Preserving this kind of expertise means promoting diversified agroecological systems, giving voice and rights to marginalized groups, and protecting the income of family farmers and fishermen so that they remain on the territories, as real custodians of our natural and crop variety. Without diversity, we would probably not have today on our tables one iconic product of the Mediterranean Diet, the “mozzarella nella mortella,” “invented” by the mastery of shepherds in Pollica to ensure long term cheese conservation. That is one of many reasons why today Future Food Mediterraneo is inaugurating the Paideia Campus, a project to enhance the natural, cultural, historical heritage of one of the seven emblematic communities of the Mediterranean Diet, Pollica, to create connections of diversity and expertise.
“Starting from our roots, we sit at the common table, a place of conversation and shared hopes. In this way, diversity, which can be a flag or a frontier, is transformed into a bridge. Identity and dialogue are not enemies. One’s cultural identity is deepened and enriched in dialogue with different realities, and the authentic way to preserve it is not isolation that impoverishes.” — HH Pope Francis
LANGUAGE DIVERSITY AND THE POWER OF STORIES
Language is certainly a key component of cultural diversity. Being the vehicle of knowledge, words and their etymology incorporate within them the unique legacy with history, traditions, local territories, local practices, rituals, and harmony with nature.
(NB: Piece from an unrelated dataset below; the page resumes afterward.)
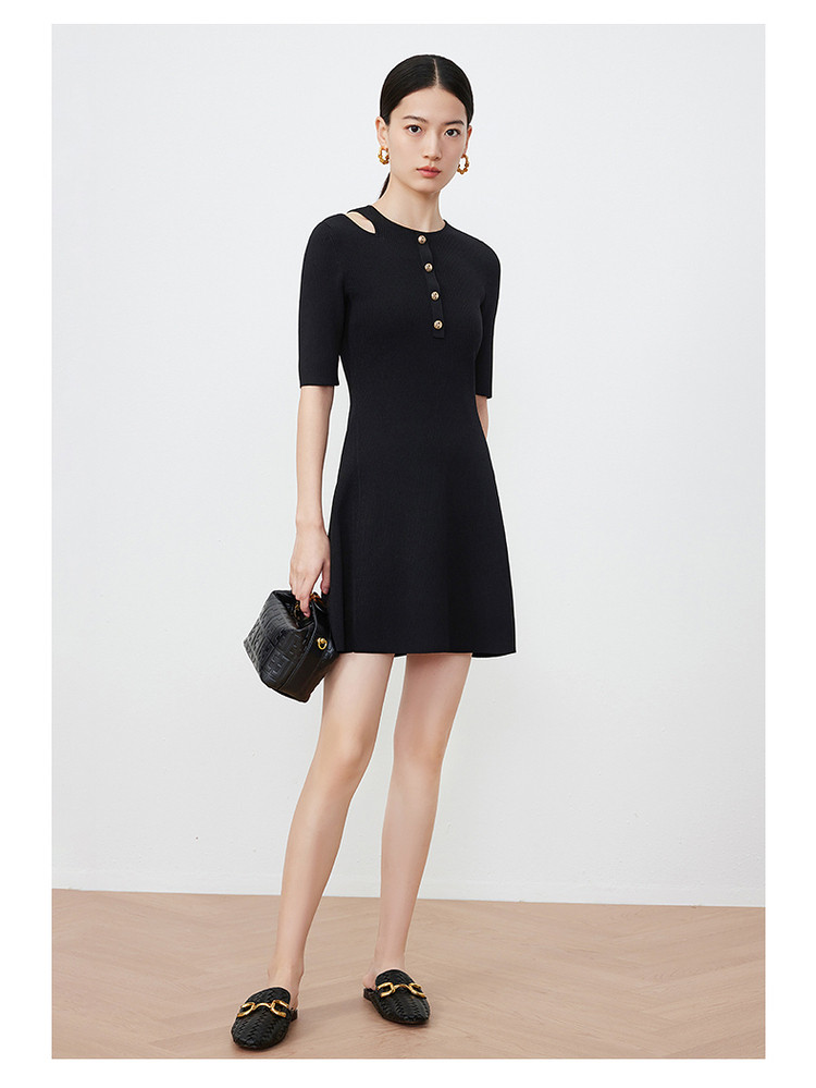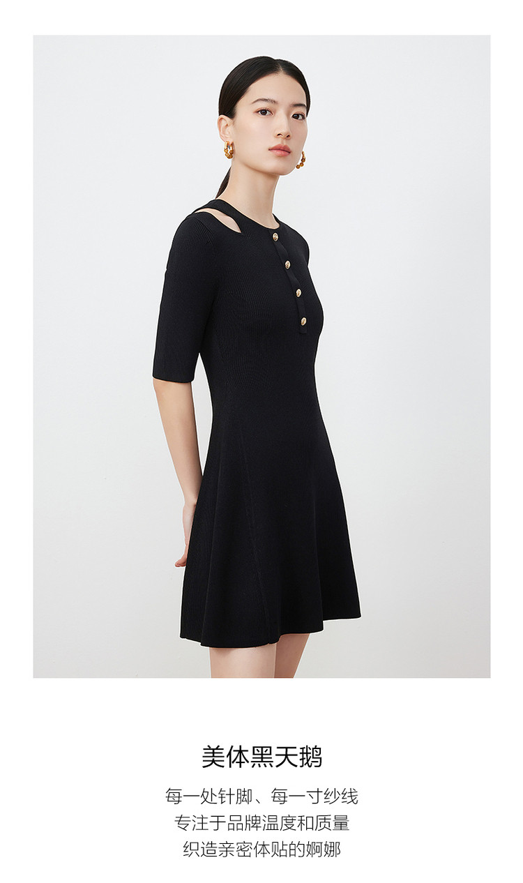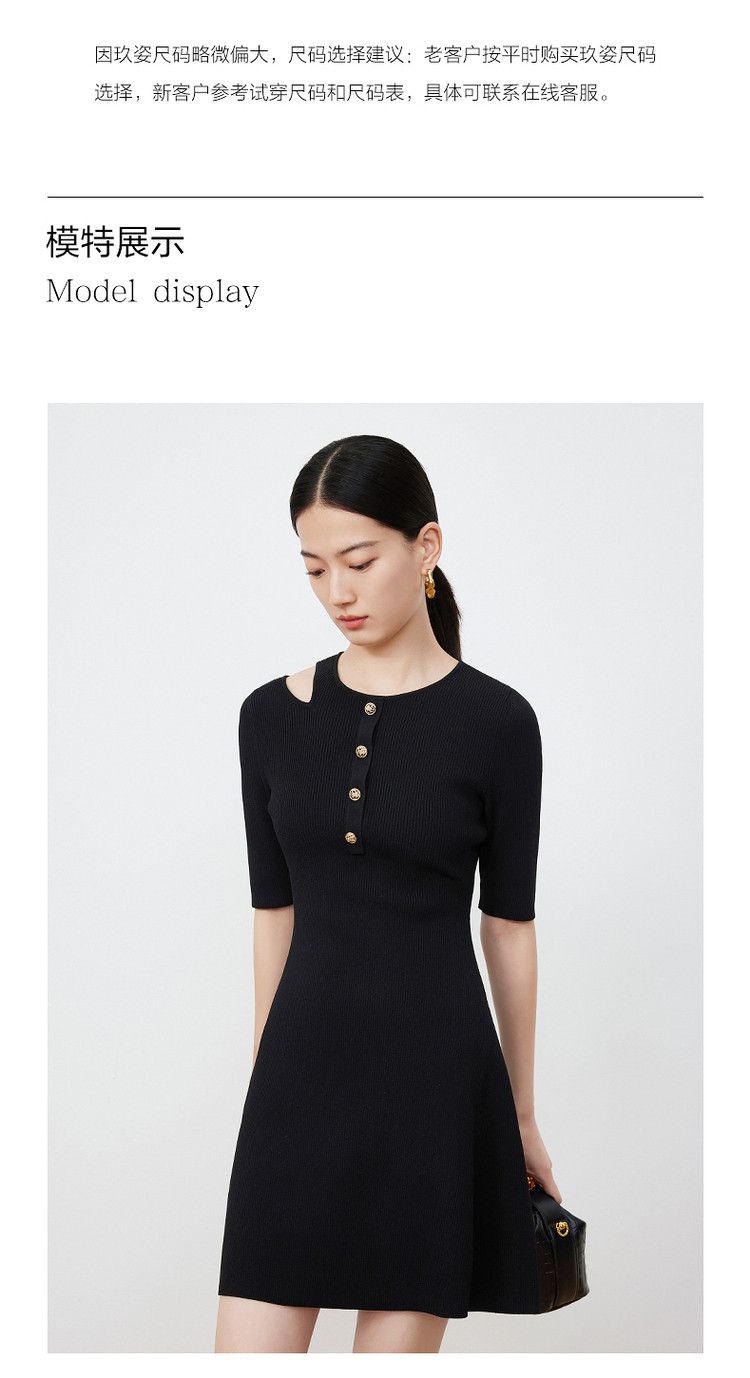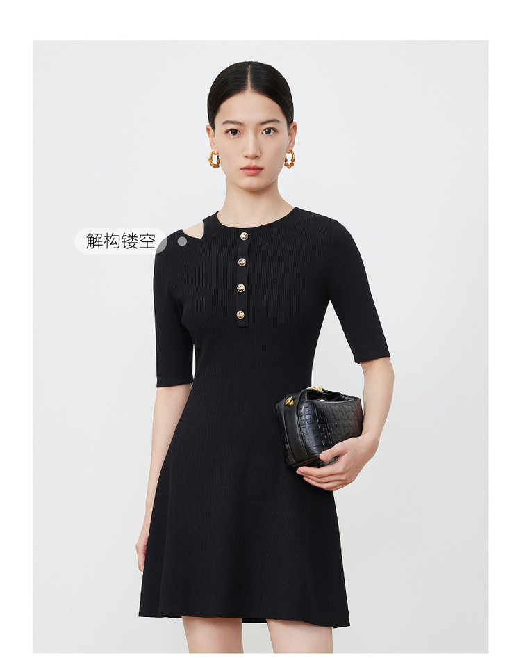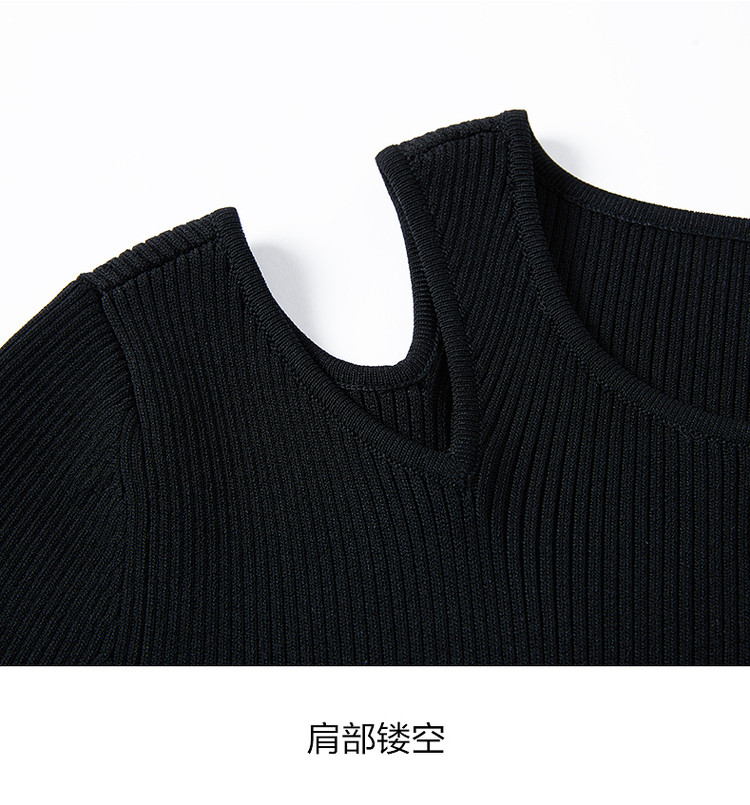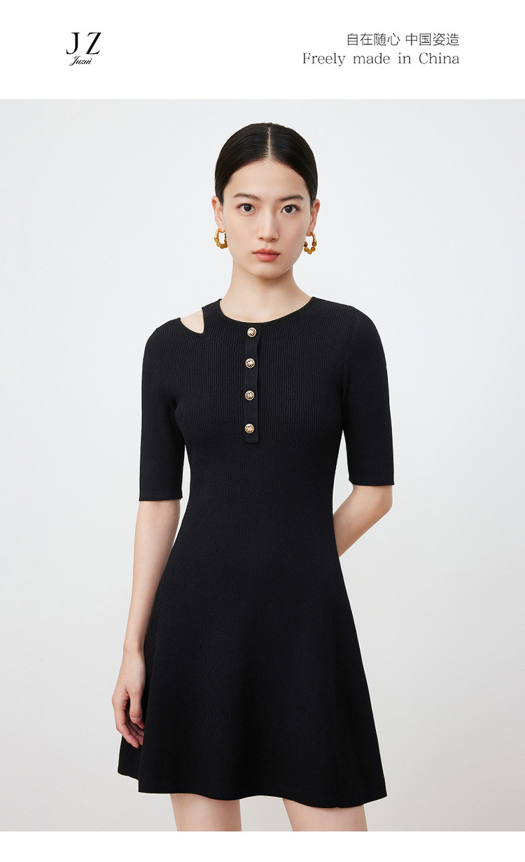 商品名称:JZ玖姿露肩针织小黑裙女装春季毛衫连衣裙 849292

“When a language is lost, the associated ecological and cultural knowledge is lost with it,” is reported in the joint program between UNESCO and the Convention on Biological Diversity, breaking the natural link between ancestors and younger generations.
A snapshot of cultural and language erosion is emphasized by the fact that local languages, dialects, and even national words are gradually losing ground in favor of omni-understandable words. A context that mirrors the simultaneous loss of varieties, crops, species, and biodiversity resulting in widespread standardized diets and ways of living.
But there is good news: people are starting to realize the importance of taking care of words, just as preserving diversity. In this direction, stories can play a pivotal role in bringing both human and natural diversity back to the center. Stories convey values, lead emotions, allow individuals to experience distant realities, nurture curiosity. This is the case, for example, of the Italian start-up WineHoop — Story to taste, a project designed to lead the people to discover Italian areas and their wines through human and landscape diversity. Stories of wines that come from the expertise and tradition of winemakers, from the peculiarities of the land and vineyards characterizing each bottle of wine, always different from one to another.
When we eventually realize how interconnected everything is, we will no longer need to remind ourselves to preserve diversity, being biological, cultural, and linguistically diverse.
“In nature, we never see anything isolated, but everything in connection with something else which is before it, beside it, under it and over it.” — Johann Wolfgang von Goethe
The Future Food Institute is an international social enterprise and the cornerstone of the Future Food Ecosystem, a collection of research labs, partnerships, initiatives, platforms, networks, entrepreneurial projects and academic programs, aiming to build a more equitable world through enlightening a world-class breed of innovators, boosting entrepreneurial potential, and improving agri-food expertise and tradition.